Tanda dan Gejala TIC
Gejala diawali saat kanak-kanak dan remaja,
seperti gerakan kedipan mata, menggerakan kepala tanpa sebab atau
menghentak-hentakkan kaki. Beberapa contoh untuk gangguan vokal misalnya
berdehem, mendecakkan lidah, menjerit atau merintih. Orang cenderung mengira,
penderita tic-tourette cenderung meneriakkan kata-kata kurang sopan setiap
saat. Padahal itu hanya sedikit gejala saja yang dialami oleh sebagian
penderita, disebut dengan “coprolalia”. Kasus yang lebih sering adalah
penderita cenderung mengucapkan kata-kata yang sama setiap saat, dinamakan
“echolalia”.
Ciri khas terpenting yang membedakan tic dari
gangguan motorik lainnya ialah gerakan yang mendadak, cepat, sekejab dan
terbatasnya gerakan, tanpa bukti
gangguan neurologis yang mendasari; sifatnya yang berulang-ulang
(biasanya) terhenti saat tidur; dan
mudahnya gejala itu ditimbulkan kembali atau ditekan dengan kemauan. Kurang
beriramanya “tic” itu yang membedakannya dari gerakan yang sterotipik berulang yang tampak pada
beberapa kasus autism dan retardasi mental.
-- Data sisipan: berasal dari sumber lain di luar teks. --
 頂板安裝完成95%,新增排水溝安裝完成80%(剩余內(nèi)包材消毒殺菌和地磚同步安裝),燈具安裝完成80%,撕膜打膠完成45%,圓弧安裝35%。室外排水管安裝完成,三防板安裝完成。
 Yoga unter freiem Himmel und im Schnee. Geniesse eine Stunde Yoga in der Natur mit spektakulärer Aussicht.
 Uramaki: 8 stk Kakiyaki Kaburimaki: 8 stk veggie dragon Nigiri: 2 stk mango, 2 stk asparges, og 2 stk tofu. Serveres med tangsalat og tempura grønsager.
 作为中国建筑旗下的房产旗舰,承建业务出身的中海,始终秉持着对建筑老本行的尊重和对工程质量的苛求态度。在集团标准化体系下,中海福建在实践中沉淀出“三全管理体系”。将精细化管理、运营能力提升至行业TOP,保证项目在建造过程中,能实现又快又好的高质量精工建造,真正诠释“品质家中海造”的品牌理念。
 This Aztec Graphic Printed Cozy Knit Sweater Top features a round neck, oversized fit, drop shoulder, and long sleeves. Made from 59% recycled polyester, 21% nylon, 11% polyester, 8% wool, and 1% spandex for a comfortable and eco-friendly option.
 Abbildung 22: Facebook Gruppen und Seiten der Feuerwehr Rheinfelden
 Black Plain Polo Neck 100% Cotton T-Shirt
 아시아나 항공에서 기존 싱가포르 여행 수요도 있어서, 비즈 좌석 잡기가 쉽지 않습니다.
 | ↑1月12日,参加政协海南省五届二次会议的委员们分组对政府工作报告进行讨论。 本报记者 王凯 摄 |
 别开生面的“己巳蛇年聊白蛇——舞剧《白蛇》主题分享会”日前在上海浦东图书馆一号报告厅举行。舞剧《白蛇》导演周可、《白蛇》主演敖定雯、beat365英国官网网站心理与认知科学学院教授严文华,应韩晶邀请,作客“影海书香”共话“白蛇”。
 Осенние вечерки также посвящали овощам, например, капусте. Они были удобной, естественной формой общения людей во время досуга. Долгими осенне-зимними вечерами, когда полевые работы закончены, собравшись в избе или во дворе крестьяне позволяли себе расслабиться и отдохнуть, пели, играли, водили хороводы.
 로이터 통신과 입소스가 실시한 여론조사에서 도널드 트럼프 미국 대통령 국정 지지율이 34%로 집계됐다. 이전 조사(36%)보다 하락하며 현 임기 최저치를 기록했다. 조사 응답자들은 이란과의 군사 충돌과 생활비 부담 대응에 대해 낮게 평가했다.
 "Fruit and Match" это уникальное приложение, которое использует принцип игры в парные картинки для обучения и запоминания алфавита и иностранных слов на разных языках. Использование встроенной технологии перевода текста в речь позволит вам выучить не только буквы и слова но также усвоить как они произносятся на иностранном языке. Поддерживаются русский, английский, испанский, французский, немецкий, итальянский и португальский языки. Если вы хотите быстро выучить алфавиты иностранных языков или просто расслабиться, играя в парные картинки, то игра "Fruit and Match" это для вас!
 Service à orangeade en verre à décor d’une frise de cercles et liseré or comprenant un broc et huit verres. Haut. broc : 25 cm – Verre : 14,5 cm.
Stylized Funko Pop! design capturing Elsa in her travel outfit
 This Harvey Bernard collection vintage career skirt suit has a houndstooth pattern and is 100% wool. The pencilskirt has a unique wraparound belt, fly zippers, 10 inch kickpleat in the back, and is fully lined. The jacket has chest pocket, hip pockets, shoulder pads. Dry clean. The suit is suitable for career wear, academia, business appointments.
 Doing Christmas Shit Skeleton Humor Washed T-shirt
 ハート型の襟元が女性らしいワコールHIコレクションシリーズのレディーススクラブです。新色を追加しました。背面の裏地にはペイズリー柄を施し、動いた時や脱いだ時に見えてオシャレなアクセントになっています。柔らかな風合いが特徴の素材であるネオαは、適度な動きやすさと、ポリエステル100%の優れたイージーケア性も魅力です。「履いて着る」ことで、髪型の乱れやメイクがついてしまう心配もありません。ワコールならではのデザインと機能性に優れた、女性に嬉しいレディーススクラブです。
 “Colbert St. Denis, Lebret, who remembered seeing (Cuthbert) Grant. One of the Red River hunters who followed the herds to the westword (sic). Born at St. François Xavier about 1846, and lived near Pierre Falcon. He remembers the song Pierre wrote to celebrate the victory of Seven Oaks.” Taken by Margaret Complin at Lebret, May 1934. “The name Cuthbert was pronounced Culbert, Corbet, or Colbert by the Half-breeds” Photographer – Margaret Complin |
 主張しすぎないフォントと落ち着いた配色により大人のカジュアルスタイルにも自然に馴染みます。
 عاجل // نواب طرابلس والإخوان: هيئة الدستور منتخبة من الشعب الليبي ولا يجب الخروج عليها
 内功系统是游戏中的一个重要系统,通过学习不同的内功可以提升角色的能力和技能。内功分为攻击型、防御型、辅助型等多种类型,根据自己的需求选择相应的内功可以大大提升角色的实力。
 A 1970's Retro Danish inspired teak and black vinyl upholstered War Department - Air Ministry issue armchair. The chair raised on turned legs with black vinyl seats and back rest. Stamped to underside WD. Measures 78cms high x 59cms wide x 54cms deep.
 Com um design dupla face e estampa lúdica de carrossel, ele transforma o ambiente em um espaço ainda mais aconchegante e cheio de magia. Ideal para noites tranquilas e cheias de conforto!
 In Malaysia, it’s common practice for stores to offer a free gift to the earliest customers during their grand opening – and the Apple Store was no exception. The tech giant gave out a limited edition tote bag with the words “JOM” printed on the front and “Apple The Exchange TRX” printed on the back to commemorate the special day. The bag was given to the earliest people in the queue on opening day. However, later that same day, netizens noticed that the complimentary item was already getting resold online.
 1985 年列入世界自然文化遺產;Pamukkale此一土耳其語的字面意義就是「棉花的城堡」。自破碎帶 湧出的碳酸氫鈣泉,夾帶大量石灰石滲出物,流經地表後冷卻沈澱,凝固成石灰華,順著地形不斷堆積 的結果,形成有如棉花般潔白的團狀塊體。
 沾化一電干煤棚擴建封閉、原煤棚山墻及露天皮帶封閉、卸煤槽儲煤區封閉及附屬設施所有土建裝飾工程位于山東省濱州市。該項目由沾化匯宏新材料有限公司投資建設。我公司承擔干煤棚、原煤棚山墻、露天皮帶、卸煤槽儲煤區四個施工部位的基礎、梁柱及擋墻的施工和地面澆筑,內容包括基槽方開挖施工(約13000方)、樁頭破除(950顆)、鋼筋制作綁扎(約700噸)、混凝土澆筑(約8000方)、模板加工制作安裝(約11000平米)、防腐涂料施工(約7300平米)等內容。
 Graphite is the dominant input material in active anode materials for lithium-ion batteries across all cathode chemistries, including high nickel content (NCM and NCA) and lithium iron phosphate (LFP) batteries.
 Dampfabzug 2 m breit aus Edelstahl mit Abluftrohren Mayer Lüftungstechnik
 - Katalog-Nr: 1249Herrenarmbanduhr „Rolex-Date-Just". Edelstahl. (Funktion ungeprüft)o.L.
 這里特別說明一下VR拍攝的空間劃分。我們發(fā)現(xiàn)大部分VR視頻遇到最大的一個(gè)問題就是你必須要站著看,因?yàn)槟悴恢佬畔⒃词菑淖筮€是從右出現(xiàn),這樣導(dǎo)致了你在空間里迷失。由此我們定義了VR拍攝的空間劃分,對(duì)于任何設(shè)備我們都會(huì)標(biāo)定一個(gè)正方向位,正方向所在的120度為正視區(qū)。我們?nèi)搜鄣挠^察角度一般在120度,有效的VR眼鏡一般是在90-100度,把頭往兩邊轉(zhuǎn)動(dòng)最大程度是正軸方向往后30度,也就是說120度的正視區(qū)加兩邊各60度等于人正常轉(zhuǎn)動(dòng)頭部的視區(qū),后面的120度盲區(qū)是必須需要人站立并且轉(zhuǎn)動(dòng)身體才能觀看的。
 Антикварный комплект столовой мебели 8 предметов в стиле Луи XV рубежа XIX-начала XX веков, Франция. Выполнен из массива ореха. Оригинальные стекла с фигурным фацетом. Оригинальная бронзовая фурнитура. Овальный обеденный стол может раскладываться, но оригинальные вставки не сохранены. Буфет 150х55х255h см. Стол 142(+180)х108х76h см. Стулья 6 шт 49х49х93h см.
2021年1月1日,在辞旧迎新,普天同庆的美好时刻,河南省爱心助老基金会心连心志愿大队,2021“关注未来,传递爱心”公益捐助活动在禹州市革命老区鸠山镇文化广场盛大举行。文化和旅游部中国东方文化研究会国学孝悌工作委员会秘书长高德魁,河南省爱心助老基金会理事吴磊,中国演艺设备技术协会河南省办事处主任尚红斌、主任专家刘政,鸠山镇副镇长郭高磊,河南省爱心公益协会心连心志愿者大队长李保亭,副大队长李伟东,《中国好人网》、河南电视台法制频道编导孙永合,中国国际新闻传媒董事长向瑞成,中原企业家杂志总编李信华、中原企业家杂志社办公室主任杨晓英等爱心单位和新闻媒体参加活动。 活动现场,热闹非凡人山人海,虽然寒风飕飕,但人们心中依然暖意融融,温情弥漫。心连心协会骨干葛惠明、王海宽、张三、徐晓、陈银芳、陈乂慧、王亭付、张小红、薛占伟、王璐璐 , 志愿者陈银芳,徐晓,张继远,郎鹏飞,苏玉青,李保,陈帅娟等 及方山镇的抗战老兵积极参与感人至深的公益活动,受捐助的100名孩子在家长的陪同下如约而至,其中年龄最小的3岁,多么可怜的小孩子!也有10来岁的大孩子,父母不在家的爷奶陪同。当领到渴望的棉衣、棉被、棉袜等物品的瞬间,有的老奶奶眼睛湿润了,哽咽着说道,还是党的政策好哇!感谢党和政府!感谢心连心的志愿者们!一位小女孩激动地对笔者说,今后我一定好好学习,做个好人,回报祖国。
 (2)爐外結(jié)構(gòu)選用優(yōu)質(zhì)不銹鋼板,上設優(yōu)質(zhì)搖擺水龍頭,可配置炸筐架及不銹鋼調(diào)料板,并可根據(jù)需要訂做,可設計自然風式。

Akivitas motorik manneristik yang
tampak pada gangguan ini cenderung mencakup gerakan yang lebih rumit dan lebih
bervariasi daripada gejala “tic”. Gerakan obsesif kompulsiif sering memnyerupa
“tic” yang kompleks namun berbeda karena bentuknya cenderung ditentukan oleh
tujuannya (misalnya menyentuh atau memutar benda secara berulang) dari pada
oleh kelompok otot yang terlibat; walaupun demikian acapkali sulit juga untuk
membedakannya.
B.
Etiologi
Tics diyakini hasil dari
disfungsi tripartit dalam sistem saraf pusat. teknik Imaging telah menggejala
ganglia basal dan korteks frontal dalam patogenesis sindrom Tourette's. Kedua sumber
abnormalitas diperkirakan tidak pantas menjadi peraturan neurotransmiter,
terutama dopamin bukti kuat menunjukkan kelebihan dopamin atau supersensitivity
dari dopamin postsynaptic reseptor adalah mekanisme yang mendasari
pathophysiologic's sindrom Tourette.
C.
Epidemiologi / Prevalensi
Sebuah komunitas, yang berbasis penelitian
besar menunjukkan bahwa lebih dari 19% dari anak-anak usia sekolah memiliki
gangguan tic. Anak-anak dengan gangguan tic dalam penelitian yang biasanya
terdiagnosis. Sebanyak 1 dalam 100 orang mungkin mengalami beberapa bentuk
gangguan tic, biasanya sebelum masa pubertas. Tourette sindrom adalah ekspresi
lebih parah dari spektrum gangguan tic, yang dianggap disebabkan oleh
kerentanan genetik yang sama. Perilaku tic umum di kalangan anak-anak usia
sekolah. Anak laki-laki dua kali lebih mungkin akan terpengaruh oleh gangguan
tic berbanding perempuan.
D. Hasil Laboratorium dan
Imaging
Neuropathological dan studi neurokimia
berimplikasi kelainan pada ganglia basal dan sirkuit CSTC dalam patogenesis TS.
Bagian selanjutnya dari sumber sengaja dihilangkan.